Renouncing darkness’s claim
career, Christian, Christian living, Christianity, college, decisions, development, doubt, faith, God, growth, Holy Spirit, Lee Strobel, life, location, seasons, The Case For Faith, truth, uncertainty, youth
I have been reading The Case for Faith lately. In it, Lee Strobel, a journalist who used to be an atheist explores questions of faith relating to creation v evolution, suffering, and more. One of the last areas in which he delves involves doubts. Lynn Anderson, the man he interviews in the chapter “I Can’t Doubt and Be A Christian,” points out a common difficulty with time that influences people’s doubt when prompted to share influences on people’s doubt to which they may not usually be aware. He says,
’Seasons of life can make a big difference,’ he replied. ‘Sometimes people are great believers while in college, but when they’re young parents with their second baby and they’re working sixty or eighty hours a week and their wife’s sick all the time and the boss is on their back—they simply don’t have time to reflect. And I don’t think faith can develop without some contemplative time. If they don’t make room for that, their faith is not going to grow and doubts will creep in.’
It seems like this fits many season’s in people’s lives, including my own.
My stage in life does not include my own family yet, but I am young. My career is just beginning. I am deciding where I would like to live and what I would like to be doing. Yet I find it hard to find time to reflect or contemplate.
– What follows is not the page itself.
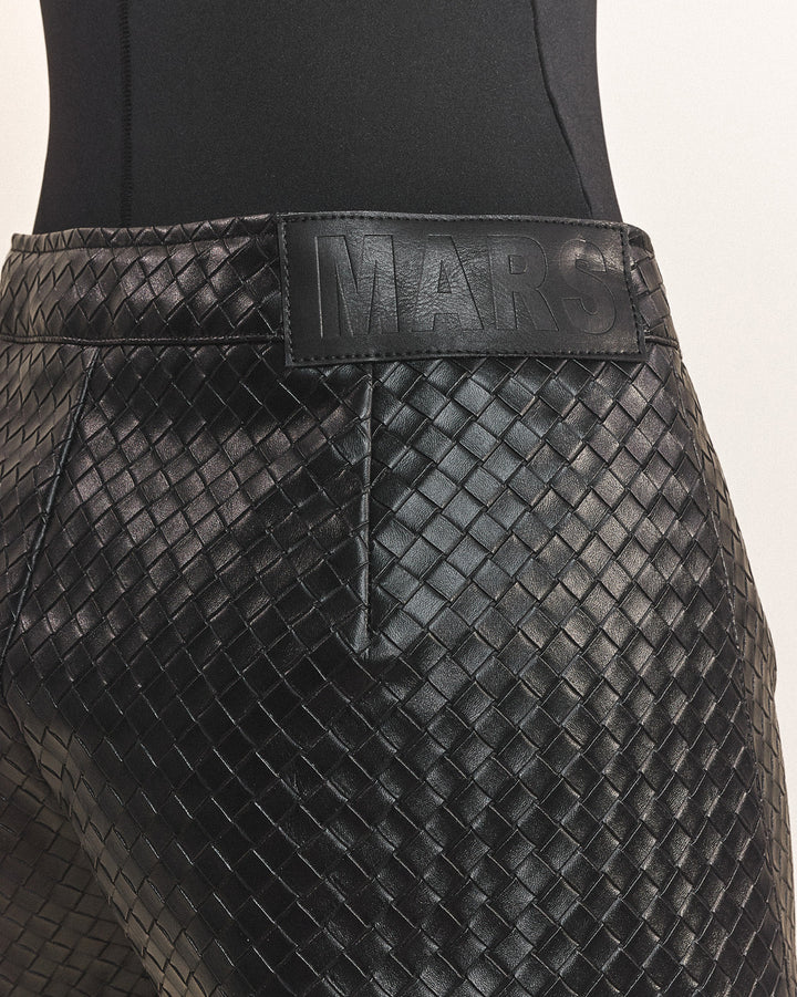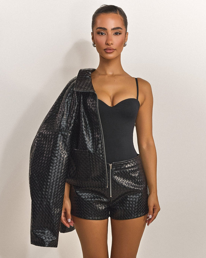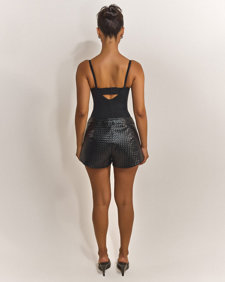 - Premium woven faux leather shorts

Routine has a high priority in my life. My specific routine has been tweaked to near perfection over the years. Exercise has profound importance for all the health benefits, and I made sure I woke up at 6am during my time at college so I could work out first thing. Then I finished preparing for the day, including having a devotional time before I got started on my other tasks like homework and cleaning. Throughout those years and now, the specific routine has been tweaked to fit my schedule, but the priorities have stayed the same. I know I want to take care of all areas of my health, especially spiritual. That includes having time to reflect on my faith as well as life in general.
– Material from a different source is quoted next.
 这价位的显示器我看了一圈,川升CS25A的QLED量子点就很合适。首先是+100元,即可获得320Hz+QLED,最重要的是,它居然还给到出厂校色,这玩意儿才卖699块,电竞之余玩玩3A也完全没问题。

A regular prayer time helps this a lot. As I mentioned before, I set aside time every day in college. This keeps my focus on God. Faith implies a perspective on the world shaped by God; regularly spending time with Him keeps my perspective closer to His. I also shared that I rely heavily on my routine to get all my needed and wanted daily tasks accomplished. It has been harder for me the last couple years because of my work schedule. I have enjoyed working two jobs and am relieved to work one now, but I still don’t have a regular work week or schedule. This probably shakes me more than it should. I continually adapt it to each day. In theory I have the same amount of time. Yet I haven’t found my good contemplative times. In college, I would spend a couple hours before each semester reflecting on my goals for the coming semester. First I would go through the more surface level items like the organizations in which I had a role and decided in which ones I would continue to play a part and which I would leave. Then I would make a second list of more broad ideas involving important concepts to me. This involved how I reflected God to other people, how I invested in my relationships, how I shaped my perspective, how I used my gifts. That always reminded me of the bigger picture of God’s purpose for my life during that period. It helped me maintain peace and progress my studies during that time so I could prepare for the next stage.
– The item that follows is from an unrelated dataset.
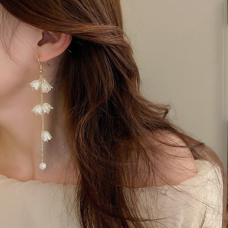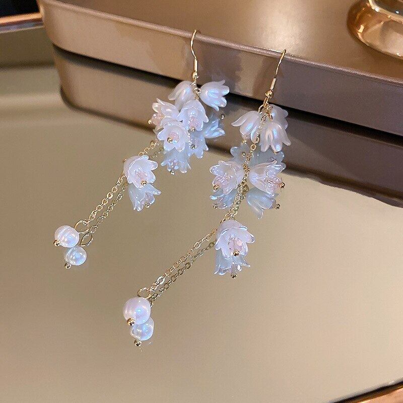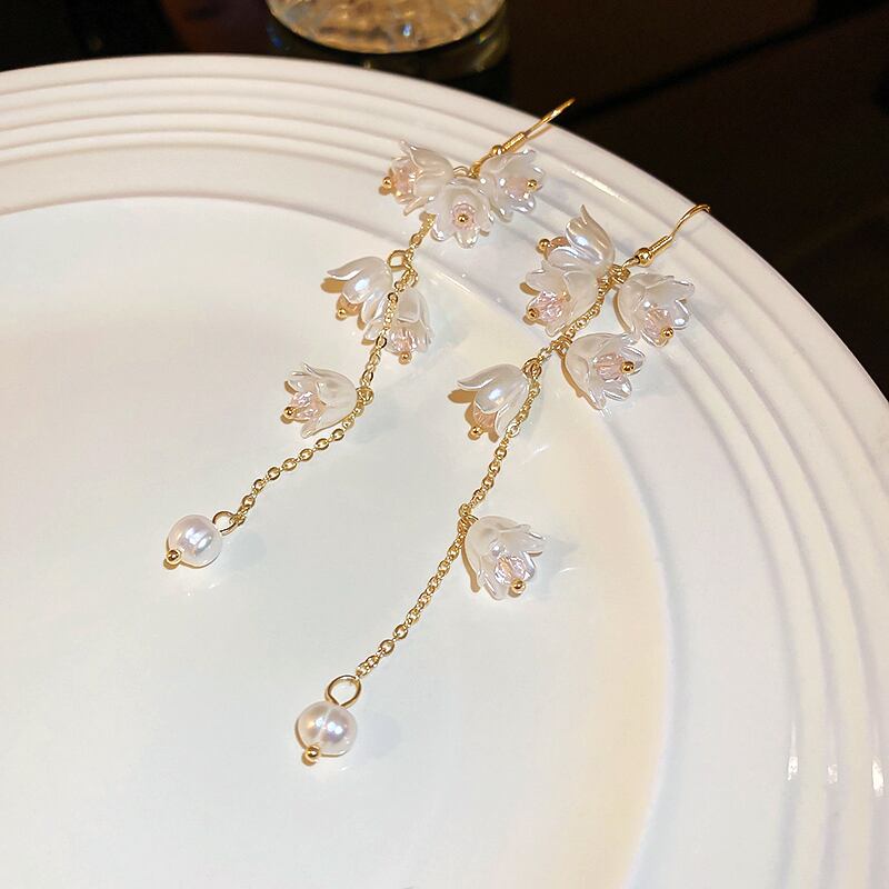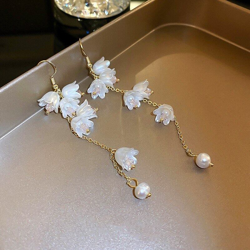 ファイン 14 18K リアルゴールドメッキ蘭の花パールフリンジイヤリング女性ガールジュエリー S925 シルバー針ギフト 真珠 指輪 フラワーデザイン 銀

Here I am now in another busy season. Again, I don’t quite have all the same details as the example mentioned in The Case for Faith. Yet experiencing this uncertainty at all levels has made me organize my life in a way different than my preferred method. I just have to keep going back to what’s important to keep progressing. I want to progress my career and have to make some decisions regarding that because I want to keep developing. The same applies to my faith. Without that contemplation, neither will progress. As Anderson points out, if we don’t make room for it, it won’t happen.